• **What to do**: Transcribe, with complete accuracy, all of the entries below except for the pictures.

[Excerpts from a dataset]
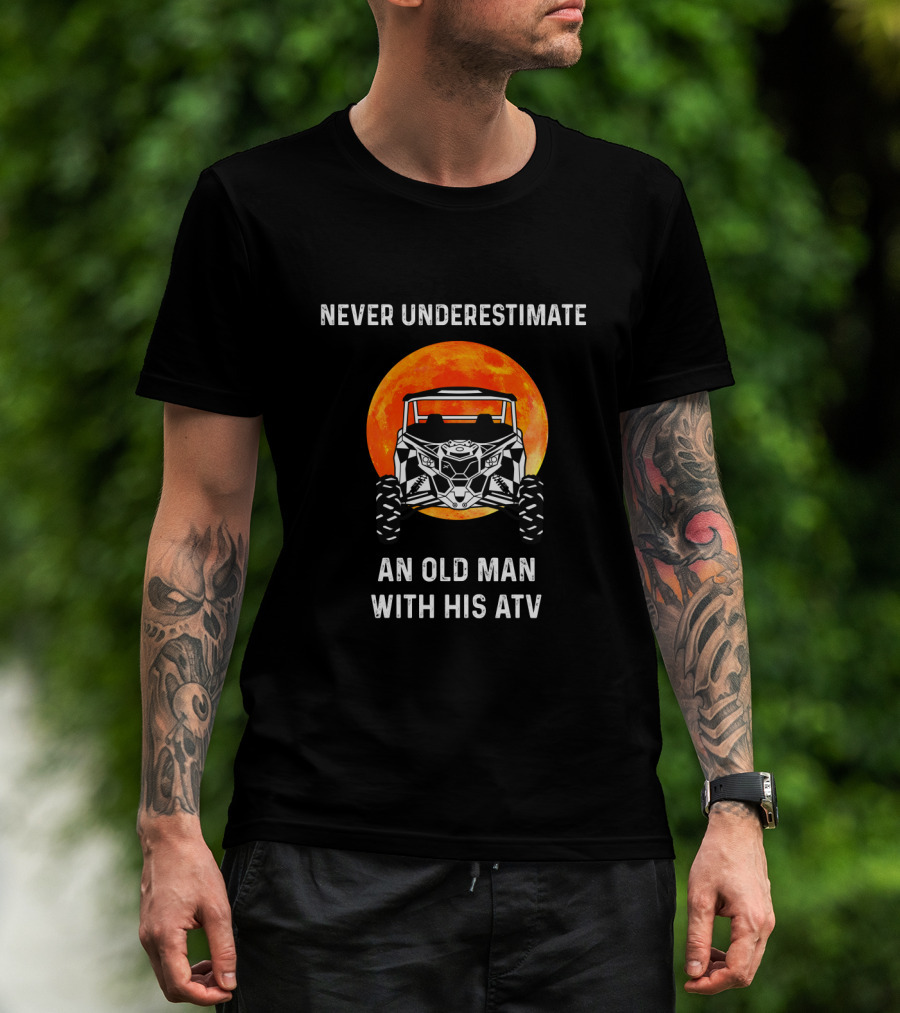 NEVER UNDERESTIMATE AN OLD MAN WITH HIS ATV MOON BACKGROUND T-Shirt
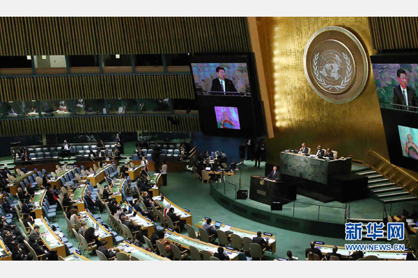 9月26日,国家主席习近平在纽约联合国总部出席联合国发展峰会并发表题为《谋共同永续发展 做合作共赢伙伴》的重要讲话。 新华社记者刘卫兵 摄
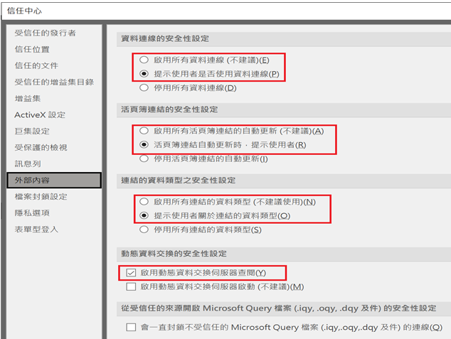 - EXCEL 信任中心設定: 「檔案」>「選項」>「信任中心」>「信任中心設定」>「外部內容」,啟用下圖所有紅圈處相關設定。
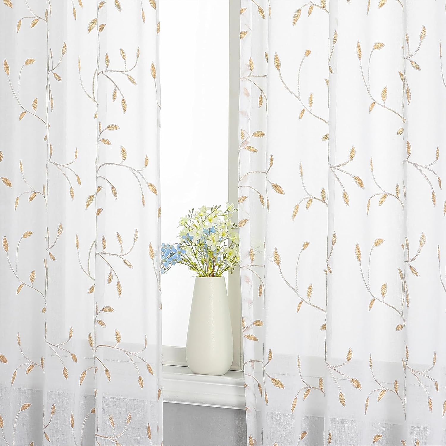 VISIONTEX White Sheer Voile Curtains, Decorative Orange Leaves Embroidery Faux Linen Rod Pocket Window Drapes for Home Kitchen, Living Room and Bedroom 54 x 95 Inch, Set of 2 Curtain Panels
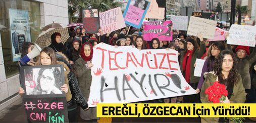 Ereğli'de yüzlerce lise öğrencisi Mersin'de hunharca katledilen Özgecan Arslan için yürüdü. Ellerinde dövizlerle anıt önüne kadar yürüyen öğrencilere vatandaşlar da eşlik etti. Öğrenciler 'Özgecan Arslan yirmisinde bir fidan' sloganı ile yürüdü. Eylemde polis geniş güvenlik önlemi aldı.
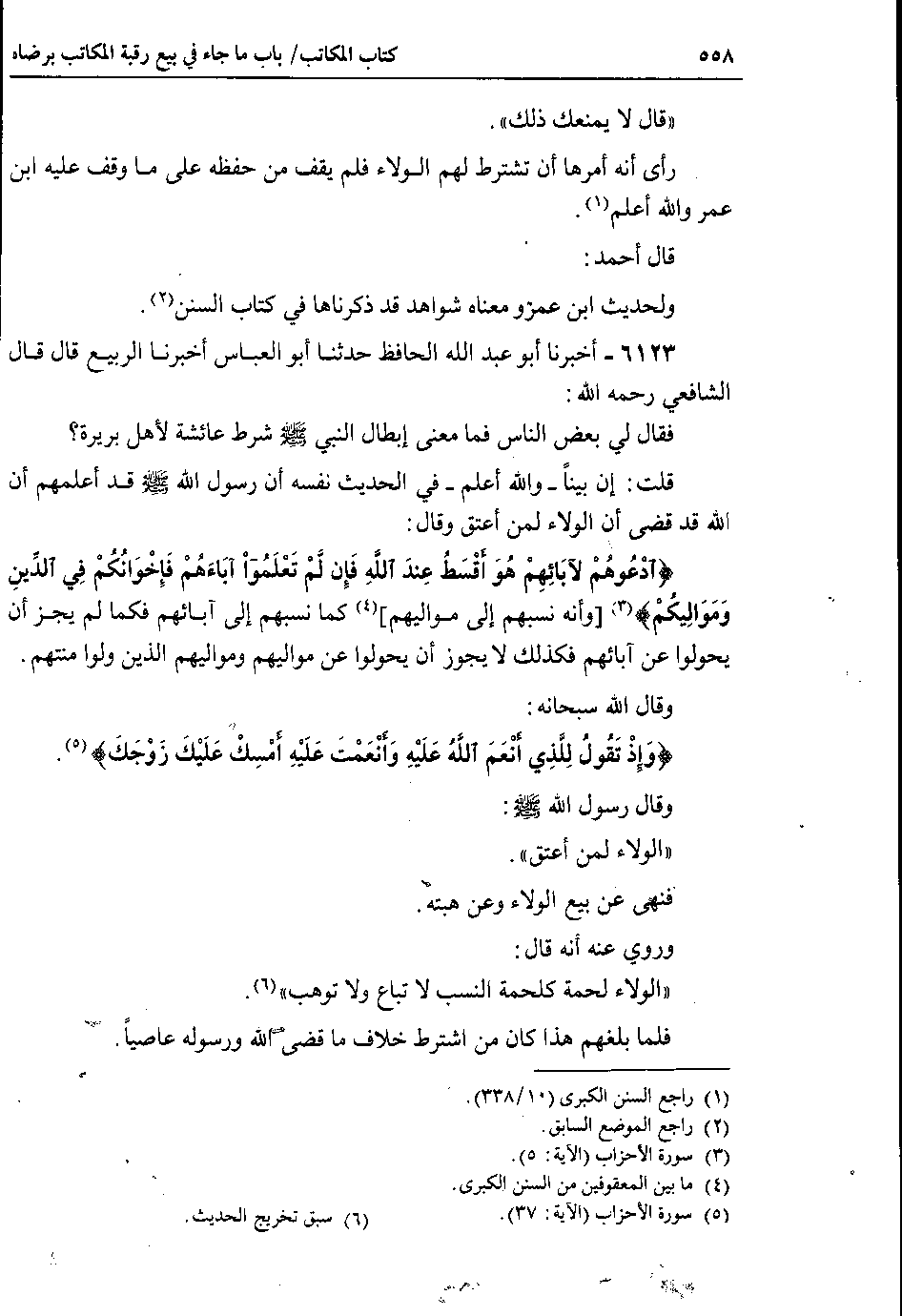 6123 - أخبرنا أبو عبد الله الحافظ حدثنا أبو العباس أخبرنا الربيع قال قال الشافعي رحمه الله : فقال لي بعض الناس فما معنى إبطال النبي صلى الله عليه وسلم شرط عائشة لأهل بريرة ؟ قلت : إن بيناً - والله أعلم - في الحديث نفسه أن رسول الله صلى الله عليه وسلم قد أعلمهم أن الله قد قضى أن الولاء لمن أعتق وقال : {ادعوهم لآبائهم هو أقسط عند الله فإن لم تعلموا آباءهم فإخوانكم في الدين ومواليكم} وأنه نسبهم إلى مواليهم كما نسبهم إلى آبائهم فكما لم يجز أن يحولوا عن آبائهم فكذلك لا يجوز أن يحولوا عن مواليهم ومواليهم الذين ولوا منتهم.

• **Answer for the task**:
 NEVER UNDERESTIMATE AN OLD MAN WITH HIS ATV MOON BACKGROUND T-Shirt
 9月26日,国家主席习近平在纽约联合国总部出席联合国发展峰会并发表题为《谋共同永续发展 做合作共赢伙伴》的重要讲话。 新华社记者刘卫兵 摄
 - EXCEL 信任中心設定: 「檔案」>「選項」>「信任中心」>「信任中心設定」>「外部內容」,啟用下圖所有紅圈處相關設定。
 VISIONTEX White Sheer Voile Curtains, Decorative Orange Leaves Embroidery Faux Linen Rod Pocket Window Drapes for Home Kitchen, Living Room and Bedroom 54 x 95 Inch, Set of 2 Curtain Panels
 Ereğli'de yüzlerce lise öğrencisi Mersin'de hunharca katledilen Özgecan Arslan için yürüdü. Ellerinde dövizlerle anıt önüne kadar yürüyen öğrencilere vatandaşlar da eşlik etti. Öğrenciler 'Özgecan Arslan yirmisinde bir fidan' sloganı ile yürüdü. Eylemde polis geniş güvenlik önlemi aldı.
 6123 - أخبرنا أبو عبد الله الحافظ حدثنا أبو العباس أخبرنا الربيع قال قال الشافعي رحمه الله : فقال لي بعض الناس فما معنى إبطال النبي صلى الله عليه وسلم شرط عائشة لأهل بريرة ؟ قلت : إن بيناً - والله أعلم - في الحديث نفسه أن رسول الله صلى الله عليه وسلم قد أعلمهم أن الله قد قضى أن الولاء لمن أعتق وقال : {ادعوهم لآبائهم هو أقسط عند الله فإن لم تعلموا آباءهم فإخوانكم في الدين ومواليكم} وأنه نسبهم إلى مواليهم كما نسبهم إلى آبائهم فكما لم يجز أن يحولوا عن آبائهم فكذلك لا يجوز أن يحولوا عن مواليهم ومواليهم الذين ولوا منتهم.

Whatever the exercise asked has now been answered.